> _WHAT IS EXPECTED_:
Please copy all of the entries exactly, but drop every picture.

> _DATA FOR PROCESSING_:
-------------------------

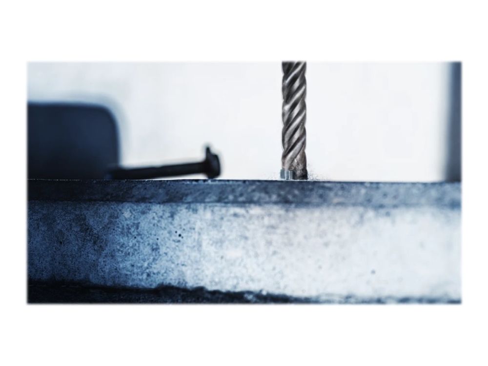 Drilling through reinforced concrete is a tough job, and it has traditionally taken its toll on drill bits. Regular two-cutter bits get stuck in rebar and they eventually break. The Full Carbide Head on the EXPERT SDS plus-7X is an advanced 4-cutter design made from a single piece of the toughest metal: It doesn't jam and presents no weakness on impact.
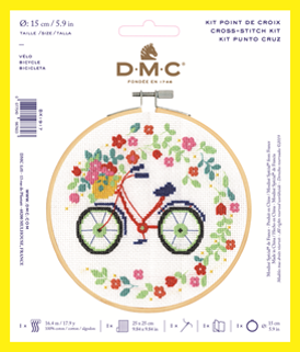 This great value kit includes genuine DMC Six-Strand Embroidery Floss, instructions, fabric, a needle, and a hoop all at an excellent price. This cross stitch kit features a bicycle with flowers pouring over the basket. It will look wonderful displayed on a wall or stitched onto a cushion cover. Use a selection of vibrant DMC threads to create the design. The included high quality aida fabric will ensure neat and precise stitches.Specifications
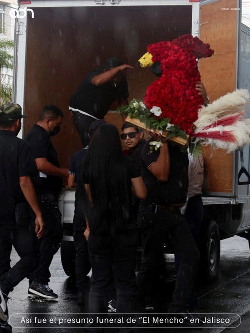 Bajo las notas de “Nomás un puño de tierra”, una carroza fúnebre de modelo reciente, camionetas de lujo, más de un centenar de coronas y arreglos florales, un amplio dispositivo de seguridad integrado por elementos del Ejército, la Guardia Nacional y la policía estatal, decenas de deudos con el rostro completamente cubierto y un féretro dorado que finalmente llegó al panteón Recinto de la Paz, en Zapopan, así transcurrieron los funerales de Nemesio Oseguera Cervantes, “El Mencho”.
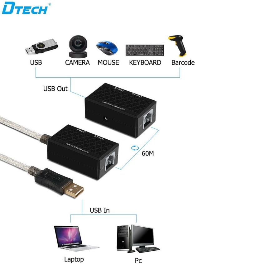 DTech 60M USB Extender Over Cat5/6
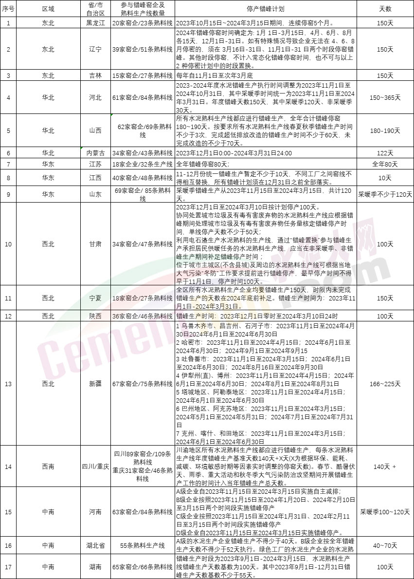 據(jù)水泥人網(wǎng)不完全統(tǒng)計,此前發(fā)布采暖季錯峰生產(chǎn)計劃的省市地區(qū)中有個省市地區(qū)采暖季錯峰生產(chǎn)截至3月末,涉及518家企業(yè),661條水泥熟料生產(chǎn)線。

-------------------------

> _RESPONSE TO THIS TASK_:
 Drilling through reinforced concrete is a tough job, and it has traditionally taken its toll on drill bits. Regular two-cutter bits get stuck in rebar and they eventually break. The Full Carbide Head on the EXPERT SDS plus-7X is an advanced 4-cutter design made from a single piece of the toughest metal: It doesn't jam and presents no weakness on impact.
 This great value kit includes genuine DMC Six-Strand Embroidery Floss, instructions, fabric, a needle, and a hoop all at an excellent price. This cross stitch kit features a bicycle with flowers pouring over the basket. It will look wonderful displayed on a wall or stitched onto a cushion cover. Use a selection of vibrant DMC threads to create the design. The included high quality aida fabric will ensure neat and precise stitches.Specifications
 Bajo las notas de “Nomás un puño de tierra”, una carroza fúnebre de modelo reciente, camionetas de lujo, más de un centenar de coronas y arreglos florales, un amplio dispositivo de seguridad integrado por elementos del Ejército, la Guardia Nacional y la policía estatal, decenas de deudos con el rostro completamente cubierto y un féretro dorado que finalmente llegó al panteón Recinto de la Paz, en Zapopan, así transcurrieron los funerales de Nemesio Oseguera Cervantes, “El Mencho”.
 DTech 60M USB Extender Over Cat5/6
 據(jù)水泥人網(wǎng)不完全統(tǒng)計,此前發(fā)布采暖季錯峰生產(chǎn)計劃的省市地區(qū)中有個省市地區(qū)采暖季錯峰生產(chǎn)截至3月末,涉及518家企業(yè),661條水泥熟料生產(chǎn)線。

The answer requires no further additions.